PROBLEM = Taking only the lines of the data below from the line with "A woman in sharp" to the line with "Mujer de 71", ends included, write them out exactly and without pictures.

DATA PROVIDED =
Segment Open

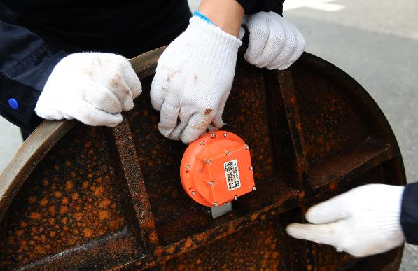 这种设备看起来很普通,是一个直径约为10厘米的深色小圆盒,但它的作用却非常重要,具备编号和定位功能。一旦窨井盖安装了井盖监控器,就相当于拥有了身份证和定位仪。
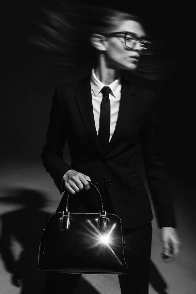 A woman in sharp black tailored suit, slim tie, oversized glasses. Studio spotlight burns harsh highlights on her glossy bag. Camera rushes upward in rapid motion, then snaps into slow focus. Her head turn leaves ghost trails, glasses flare silver, her shadow stretches dynamically across the floor. Motion blur streaks and shaky handheld energy emphasize power.
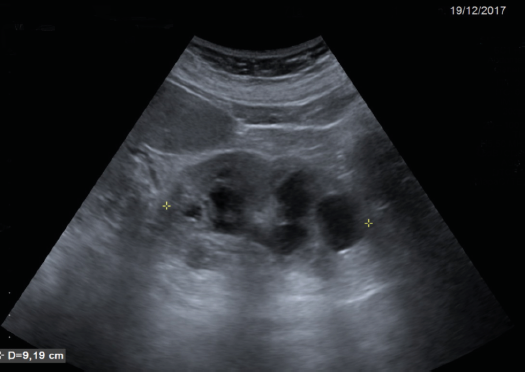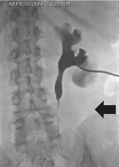 Mujer de 71 años con antecedente de infecciones urinarias recurrentes sin microorganismos aislados y con poca mejoría de acuerdo con los esquemas antibióticos recibidos. Nefrectomía derecha en el año 2016 por hidronefrosis de etiología desconocida; además, enfermedad renal crónica en estadio terminal con necesidad de terapia de reemplazo renal desde el mes de febrero del 2017. En diciembre del año 2016 ingresó al Hospital Pablo Tobón Uribe por presentar hematuria macroscópica, dolor hipogástrico y fiebre. En la revisión por sistemas la paciente refería tener síntomas irritativos urinarios crónicos con dos años de evolución, por lo que ya le habían realizados múltiples estudios, sin encontrar la causa. En el examen físico se observó una paciente caquéctica, pálida, febril, hemodinámicamente estable, con hipersensibilidad al palpar el hipogastrio. Se realizaron estudios complementarios, entre ellos: citoquímico de orina con proteinuria de 150mg/dL, hematuria de 11-20 por campo de alto poder (CAP), leucocituria > 50 por CAP, con gram de orina negativo para bacterias, urocultivo y hemocultivos negativos, Elisa para VIH negativo, niveles de 25-OH-vitamina D muy bajos (7 ng/mL); ecografía renal con hidronefrosis grado 5 izquierda con signos de pionefrosis (por lo cual, requirió nefrostomía [Figura 1]); pielografía anterógrada izquierda que mostró hidronefrosis severa con deformidad de los cálices menores y estenosis arrosariada del uréter proximal (Figura 2); biopsia vesical donde se observaron múltiples granulomas sin evidenciar micobacterias.
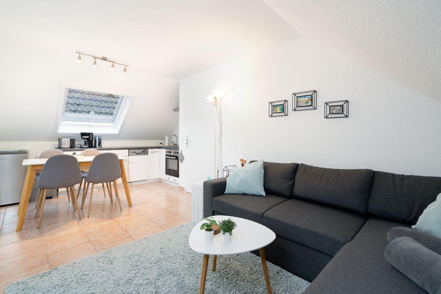 Die Ferienwohnung bietet mit zwei gut geschnittenen Zimmern ausreichend Platz für Paare, kleine Familien oder Alleinreisende. Das separate Schlafzimmer sorgt mit einem Doppelbett (2 x 90cm x 200cm, Matratzenhärtegrad 3) für erholsame Nächte, während der Wohnbereich mit gemütlichem Schlafsofa einen weiteren Schlafplatz bietet (Liegefläche ca. 150 x 195 cm). Durch die offene Gestaltung wirkt der Wohnraum hell und einladend. Sichtschutz an allen Fenstern sorgt in der gesamten Wohnung für Privatsphäre und ein angenehmes Wohngefühl sowie angenehme Verdunklung zur Nacht. Familien mit Kindern sind herzlich willkommen; ein Kinderhochstuhl steht zur Verfügung.

Segment Closed

RESULT OF THIS TASK =
 A woman in sharp black tailored suit, slim tie, oversized glasses. Studio spotlight burns harsh highlights on her glossy bag. Camera rushes upward in rapid motion, then snaps into slow focus. Her head turn leaves ghost trails, glasses flare silver, her shadow stretches dynamically across the floor. Motion blur streaks and shaky handheld energy emphasize power.
 Mujer de 71 años con antecedente de infecciones urinarias recurrentes sin microorganismos aislados y con poca mejoría de acuerdo con los esquemas antibióticos recibidos. Nefrectomía derecha en el año 2016 por hidronefrosis de etiología desconocida; además, enfermedad renal crónica en estadio terminal con necesidad de terapia de reemplazo renal desde el mes de febrero del 2017. En diciembre del año 2016 ingresó al Hospital Pablo Tobón Uribe por presentar hematuria macroscópica, dolor hipogástrico y fiebre. En la revisión por sistemas la paciente refería tener síntomas irritativos urinarios crónicos con dos años de evolución, por lo que ya le habían realizados múltiples estudios, sin encontrar la causa. En el examen físico se observó una paciente caquéctica, pálida, febril, hemodinámicamente estable, con hipersensibilidad al palpar el hipogastrio. Se realizaron estudios complementarios, entre ellos: citoquímico de orina con proteinuria de 150mg/dL, hematuria de 11-20 por campo de alto poder (CAP), leucocituria > 50 por CAP, con gram de orina negativo para bacterias, urocultivo y hemocultivos negativos, Elisa para VIH negativo, niveles de 25-OH-vitamina D muy bajos (7 ng/mL); ecografía renal con hidronefrosis grado 5 izquierda con signos de pionefrosis (por lo cual, requirió nefrostomía [Figura 1]); pielografía anterógrada izquierda que mostró hidronefrosis severa con deformidad de los cálices menores y estenosis arrosariada del uréter proximal (Figura 2); biopsia vesical donde se observaron múltiples granulomas sin evidenciar micobacterias.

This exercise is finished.